If a client driver gets to use the DW DMAC engine device tougher
than usual, with occasional DMA-transfers termination and restart, then
the next error can be randomly spotted in the system log:
> dma dma0chan0: BUG: XFER bit set, but channel not idle!
For instance that happens in case of the 8250 UART port driver handling
the looped back high-speed traffic (in my case > 1.5Mbaud) by means of the
DMA-engine interface.
The error happens due to the two-staged nature of the DW DMAC IRQs
handling procedure and due to the critical section break in the meantime.

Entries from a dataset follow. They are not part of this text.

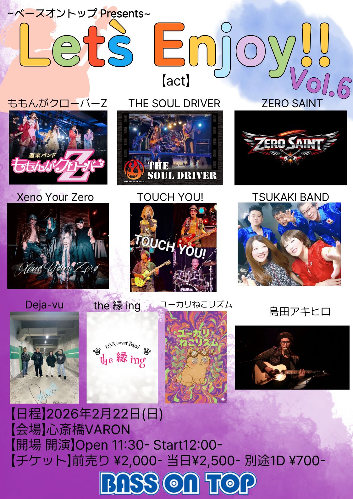 心斎橋 VARON(ヴァロン) スケジュール 2026.2.22(Sun) ベースオントップPresents Let's Enjoy!! vol.6 [ACT] the縁ing / THE SOUL DRIVER / ZERO SAINT / ユーカリねこリズム / ももんがクローバーZ / TSUKAKI BAND / TOUCH YOU! / 島田アキヒロ / Deja-vu / Xeno Your Zero [OPEN/START] 11:30 / 12:00 [料金] ADV/DOOR ¥2,000/¥2,500 (各+1D¥700) (問)心斎橋VARON 06-6243-1400 / info@osaka-varon.jp
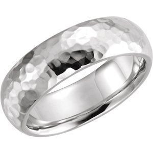 / 10K White 7 mm Half Round Band with Hammer Finish Size 4
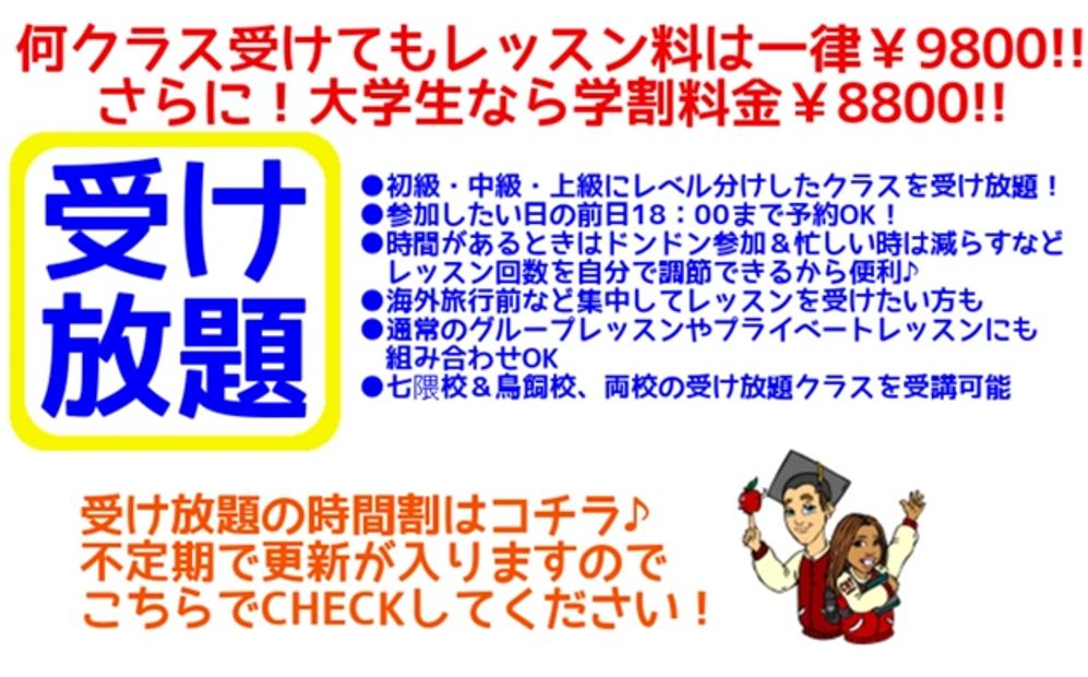 英語に毎日触れたい!週1回じゃ物足りないから通えるならどんどん通いたい!!という方は受け放題コースがおすすめ!

In particular in case if the DMA-transfer is terminated and restarted:
1. after the IRQ-handler submitted the tasklet but before the tasklet
started handling the DMA-descriptors in dwc_scan_descriptors();
2. after the XFER completion flag was detected in the
dwc_scan_descriptors() method, but before the dwc_complete_all() method
is called
the error denoted above is printed due to the overlap of the last transfer
completion and the new transfer execution stages.
There are two places need to be altered in order to fix the problem.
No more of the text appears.